Add the eggs one at a time and beat well after each addition. For half an egg, beat the whole egg in a bowl and use half of it.
Add the vanilla and continuing mixing.
Reduce the speed of the mixer and add half the flour mixture. Next, add the cream and then the remaining flour. Mix well after adding each ingredient.
Scrape down the bowl and continuing beating at medium speed for about 5 minutes. You will notice that the batter becomes very creamy and fluffy after 5 minutes.
Transfer the batter to the prepared pan and tap the pan couple of times to release any trapped air.

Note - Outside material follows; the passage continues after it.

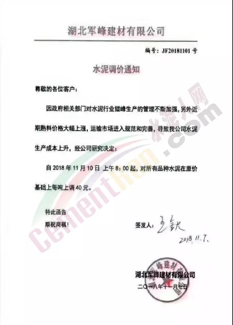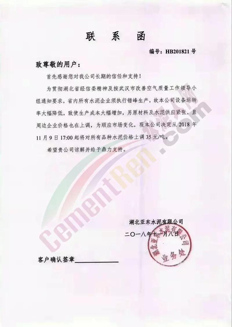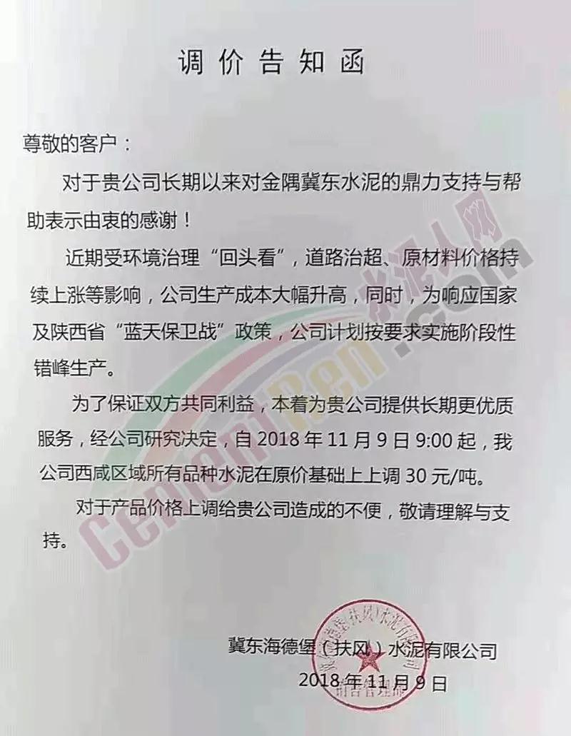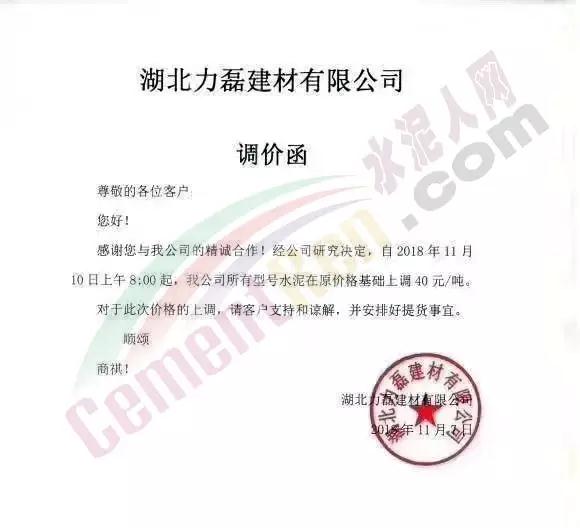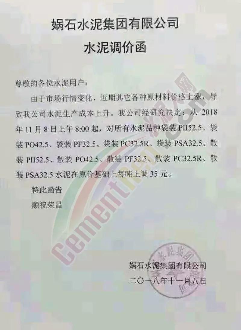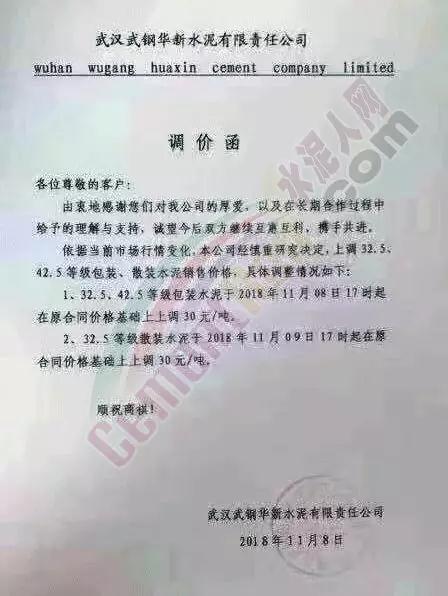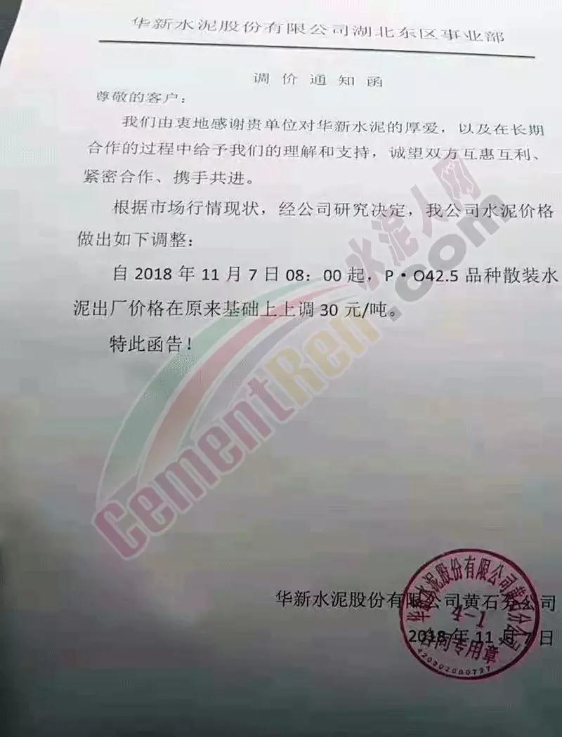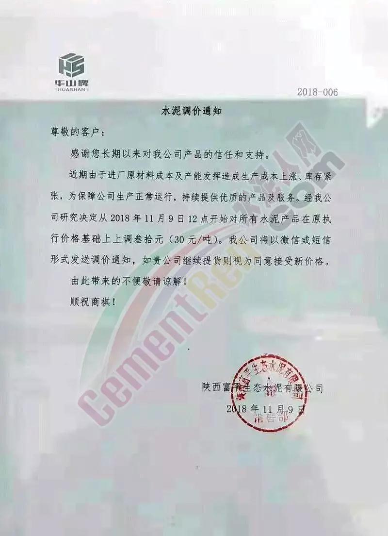 通過(guò)市場(chǎng)調(diào)研,結(jié)合本公司水泥生產(chǎn)成本,經(jīng)公司研究決定,從2018年11月10日零點(diǎn)起,我公司對(duì)銷往本區(qū)域各種型號(hào)散裝、袋裝水泥,在現(xiàn)行價(jià)格基礎(chǔ)上上調(diào)30元/噸。

Place the pan in the cold oven. DO NOT PREHEAT THE OVEN. Turn on the oven to 350 F and bake until golden brown. It took me about 55 minutes. Make sure that you keep checking after 50 minutes as each oven is different and the baking time may vary. Insert a toothpick and ensure that it comes out clean with few crumbs attached.
Cool the Vanilla Pound Cake in the pan on a cooling rack for about 30 minutes. Gently run the knife along the edge of the pan and then invert it on the rack. Let it cool completely before slicing.